In [1]:
import pandas as pd 
import numpy as np
from imblearn.over_sampling import RandomOverSampler

In [2]:
# Import dataset
hotel_df = pd.read_csv("./data/cleaned-hotel-reservations.csv")
hotel_df.head(3)

Unnamed: 0,no_of_adults,no_of_children,no_of_weekend_nights,no_of_week_nights,type_of_meal_plan,required_car_parking_space,room_type_reserved,lead_time,arrival_year,arrival_month,arrival_date,market_segment_type,repeated_guest,no_of_previous_cancellations,no_of_previous_bookings_not_canceled,avg_price_per_room,no_of_special_requests,booking_status
0,2,0,1,2,Meal Plan 1,0,Room_Type 1,224,2017,10,2,Offline,0,0,0,65.0,0,Not_Canceled
1,2,0,2,3,Not Selected,0,Room_Type 1,5,2018,11,6,Online,0,0,0,106.68,1,Not_Canceled
2,1,0,2,1,Meal Plan 1,0,Room_Type 1,1,2018,2,28,Online,0,0,0,60.0,0,Canceled


## Examine the class label imbalance

Let's look at the dataset imbalance:

In [3]:
# Encode target column 'Not_canceled' as 0 and 'Canceled' as 1
hotel_df['booking_status'] = hotel_df['booking_status'].map({'Not_Canceled': 0, 'Canceled': 1})

In [4]:
# Count the occurrences of each class in the oversampled data
not_canceled, canceled = np.bincount(hotel_df['booking_status'])

# Calculate the total number of samples
total = not_canceled + canceled

# Print the class distribution
print('Samples:\n    Total: {}\n    Canceled: {} ({:.2f}% of total)'.format(
    total, canceled, 100 * canceled / total))

Samples:
    Total: 36275
    Canceled: 11885 (32.76% of total)


This shows that the original dataset has a slightly lower fraction of positive samples, resulting in an imbalanced dataset which may lead to biases when training models for prediction.

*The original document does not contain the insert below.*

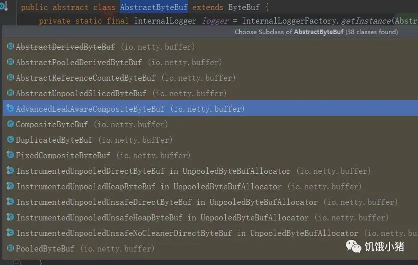 子类很多,我们上面说的三种缓冲策略的类实现都是最终继承实现AbstracByteBuf,而AbstractByteBuf本身并没有具体去对不同ByteBuf缓冲区去做具体实现,而是由子类去实现,原因很简单父类不知道子类去实现堆内存还是直接内存,还是复合缓冲区;只是提供一个抽象接口而已;
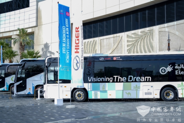 图九:苏州金龙新V系客车在迪拜上市,定制化服务沙漠绿洲,引领阿联酋交通出行新风尚

Hence, we explore techniques to balance the original dataset.

## Random Oversampling

We perform random oversampling on the minority class.

In [5]:
# Split X and y columns
X = hotel_df.drop('booking_status', axis=True)
y = hotel_df['booking_status']

In [6]:
# Create the RandomOverSampler
oversampler = RandomOverSampler(random_state=42)

# Oversample the data
X_oversampled, y_oversampled = oversampler.fit_resample(X, y)

In [7]:
# Count the occurrences of each class in the oversampled data
not_canceled_oversampled, canceled_oversampled = np.bincount(y_oversampled)

# Calculate the total number of samples
total_oversampled = not_canceled_oversampled + canceled_oversampled

# Print the class distribution
print('Samples after oversampling:\n Total: {}\n Canceled: {} ({:.2f}% of total)'.format(total_oversampled, canceled_oversampled, 100 * canceled_oversampled / total_oversampled))

Samples after oversampling:
 Total: 48780
 Canceled: 24390 (50.00% of total)


The dataset is now balanced.

In [8]:
# Convert to a dataframe
oversampled_data = pd.concat([pd.DataFrame(X_oversampled), pd.DataFrame(y_oversampled)], axis=1)

# Decode target column
oversampled_data['booking_status'] = oversampled_data['booking_status'].map({0: 'Not_Canceled', 1: 'Canceled'})

In [9]:
# Save as csv
oversampled_data.to_csv("./data/oversampled-hotel-reservations.csv")